Although several studies have been carried out to identify the critical periods in the development of obesity, the pattern of weight gain during childhood implying sustained obesity is not clear, since the studies show great variability in terms of subject age, duration of follow-up and sample size. Relevant data have been obtained from a recent longitudinal study based on the general population and including 51,505 children, with observation starting at birth and up until 18 years of age.4 The study showed that overweight and obesity manifest early in life, and 75% of the children who were obese at three years of age remained obese in adolescence. Among the adolescents who were overweight or obese, the greatest acceleration in body mass index (BMI) occurred between 2 and 6 years of age. Even after this period of rapid weight gain, the BMI continued to increase, though at a lower rate. Of note is the fact that children born to obese mothers had a particularly high risk of suffering obesity, though the critical periods in the development of obesity were no different from those in children whose mothers were not obese. The patterns of change in BMI early in life, more than the absolute BMI value, may act as a predictor for identifying children at risk of developing adiposity in later stages.4

The constant increase in obesity in developed countries shows that the classical dietary and nutritional, pharmacological and behavioural management approaches applied for decades have failed, and have been particularly ineffective in preventing obesity, as well as in maintaining lost weight. The management of overweight and obesity requires a multidisciplinary approach and is based on three key objectives: reorganization of eating habits, increased physical activity, and motivation of the child and family environment to achieve the necessary lifestyle changes, establishing acceptable goals that can be maintained over time. Drug treatment5 or bariatric surgery6 is still an exceptional indication in paediatric patients. The existing systematic reviews and meta-analyses on the different therapeutic options agree that it is presently not possible to establish specific recommendations in this respect, or to ascertain the long-term outcomes of such interventions. No proven treatments are yet available, and management individualization is required.

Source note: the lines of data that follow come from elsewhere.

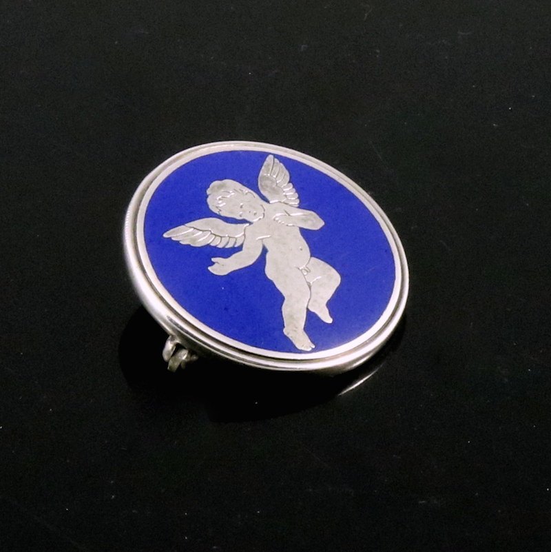 Georg Jensen. Broche i Sterling Sølv med emalje #302 - Harald Nielsen.
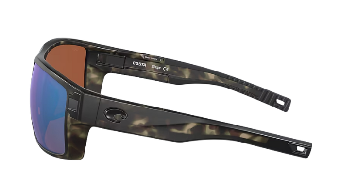 Tortoise shell Costa sunglasses with green mirror lenses on a white background
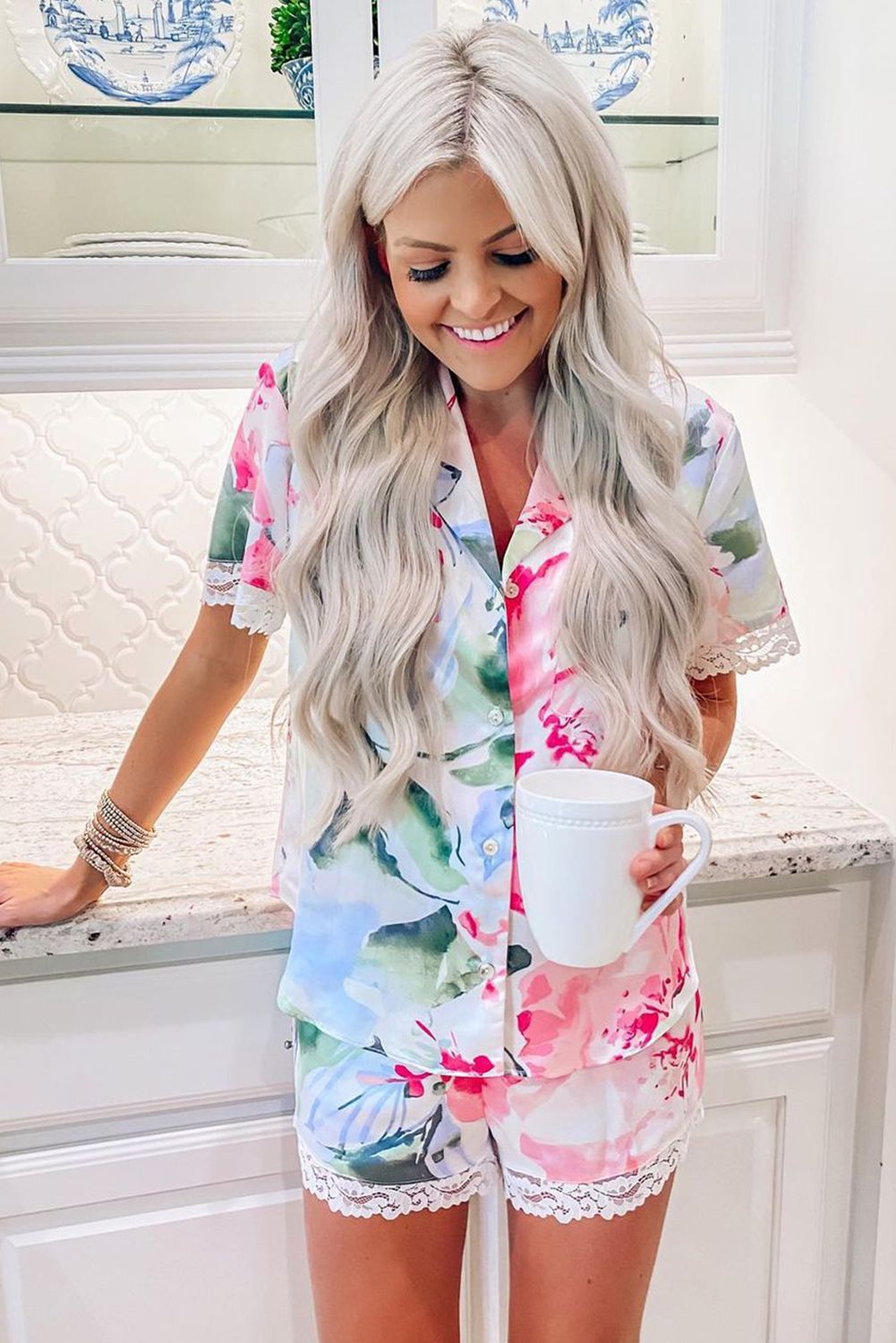 The lounge set with floral print and lace trim is delicate and lovely for girls and women

If treatment proves necessary, combined strategies involving diet, exercise and behavioural changes are the most effective option, particularly if the parents are implicated in the treatment. Such an individualized approach should include the assessment of cardiometabolic risk factors and the personalization of indicated treatment, especially as regards physical exercise.7 A parameter that may offer relevant information for the correct individualized planning of physical exercise is the cardiorespiratory capacity (CRC) of the child, as assessed by peak or maximum oxygen consumption (VO2 peak) in the context of an exercise test. This is a particularly relevant parameter that constitutes a comprehensive measure of the functionality of the musculoskeletal, cardiocirculatory and metabolic components involved in physical activity and exercise.8,9 In this context, an adequate CRC implies a good coordinated physiological response of all of the aforementioned components and addresses a series of physical characteristics such as muscle strength and resistance, aerobic capacity, joint mobility, speed of movement, agility, coordination and balance.

Despite the limited number of studies, an association has been observed in children and adolescents between CRC and cardiometabolic alterations and an increased risk of cardiovascular disease. It has been shown that CRC, estimated on the basis of oxygen consumption (VO2 peak) during an exercise test, is inversely correlated to baseline insulin and HOMA index, and provides an assessment of the degree of autonomic activation of the nervous system.9 These results agree with those of other studies conducted in young women,10,11 suggesting a relevant role of CRC as a potential predictor of future cardiometabolic alterations.

Along with the association studies, the Amsterdam Growth and Health Longitudinal Study found CRC during adolescence (between 13 and 16 years of age) to be related to the cardiovascular risk profile at 32 years of age. A higher CRC grade was inversely associated to skin fold thickness, abdominal circumference and total cholesterol concentration.12

A better understanding of the factors and critical periods in the development of obesity, together with an individualized approach to management, are basic elements for containing the childhood obesity epidemic and its short- and long-term consequences. The early identification of risk in the first years of life should result in monitoring of the increase in BMI. Once overweight or obesity has started, accurate risk assessment may allow an adequate approach to the problem, thereby increasing the success rates.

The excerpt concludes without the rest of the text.